2.4. Histopathologic Evaluation
After evaluating the lung coefficient, the left lungs of the mice were used to evaluate the fibrotic score by histological examination, and the right lungs were then homogenized to analyze the expression of iNOS, CTGF, α-SMA, and FN. For histopathologic evaluation, the left lung of each mouse was fixed in 4% paraformaldehyde (Dissolved in PBS) and processed for routine paraffin embedding. After embedding in paraffin, the tissue sections (5 μm) were cut and stained with hematoxylin and eosin (HE) and examined by light microscopy, a modified Masson trichrome to assess the degree of fibrosis.
2.5. Hydroxyproline (HYP) and Total Antioxidant Capacity (T-AOC) Detection
Mice lung tissue samples were homogenized in cold PBS at 4°C with a Polytron homogenizer. HYP and T-AOC assay kits were used to detect the HYP and T-AOC levels in lung tissue homogenate samples.
2.6. Malondialdehyde (MDA) and Nitric Oxide (NO) Detection
Twenty-eight days after the initial injection of bleomycin, mice were anesthetized with 10% chloral hydrate. Mice abdomens were open with median incision, and blood plasma was collected by the abdominal aortic method using a disposable syringe. The plasma was prepared and stored at −80°C until assayed.
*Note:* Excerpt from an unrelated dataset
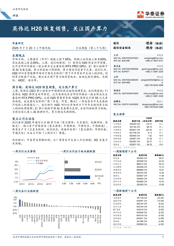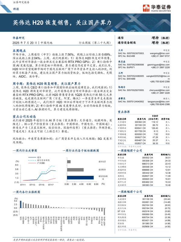 【华泰证券】【20250720】科技行业周报(第二十九周):英伟达H20恢复销售,关注国产算力-13页
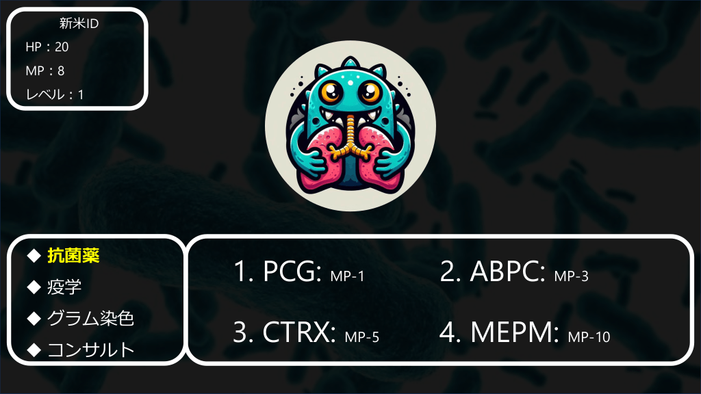 新米ID HP:20 MP:8 レベル:1 ◆ 抗菌薬 ◆ 疫学 ◆ グラム染色 ◆ コンサルト 1. PCG: MP-1 2. ABPC: MP-3 3. CTRX: MP-5 4. MEPM: MP-10 #8.

MDA and NO assay kits were used to measure the levels in plasma.
2.7. RNA Isolation and Real-Time Quantitative PCR (qRT-PCR)
Total RNA of fresh lung tissues (40 mg per sample) were extracted as Qiagen RNeasy mini kit described. According to the Takara qRT-PCR assay kit instruction, the cDNA was produced with the total RNA, and PCR reaction (primers listed in Table 1) was performed as follows: one cycle of 94°C for 5 min; then 40 cycles of 94°C for 15 s, 58°C for 30 s, and 72°C for 20 s; and one cycle of 72°C for 10 min. Relative abundance of genetic transcription was obtained by calculating the comparative threshold cycle.
2.8. Western Blot Analysis of iNOS, CTGF, α-SMA, and FN Expression
Mice lung tissue samples were homogenized in cold lysis buffer (50 mM Tris-HCl, pH 7.4, 5 mM EDTA, 0.5%NP-40, 150 mM NaCl) supplemented with 1x protease/phosphatase inhibitor cocktail (Cell Signaling Technology). Equal protein amounts of tissue lysates were loaded. Proteins were separated by SDS-PAGE gel and transferred to PVDF membranes. After blocking in 5% milk in TBST (10 mM Tris-HCl (pH 7.4), 150 mM NaCl, and 0.1% (v/v) Tween-20) for 1 h, the membranes were incubated with iNOS, CTGF, α-SMA, and FN antibodies, respectively, overnight at 4°C, followed by the second antibody. The protein expression was determined using Lumigen ECL Ultra Western Blotting HRP Substrate (Lumigen), and the signals were detected by Fujifilm Luminescent Image Analyzer (LAS4000).
2.9. Single-Cell Gel Electrophoresis (SCGE)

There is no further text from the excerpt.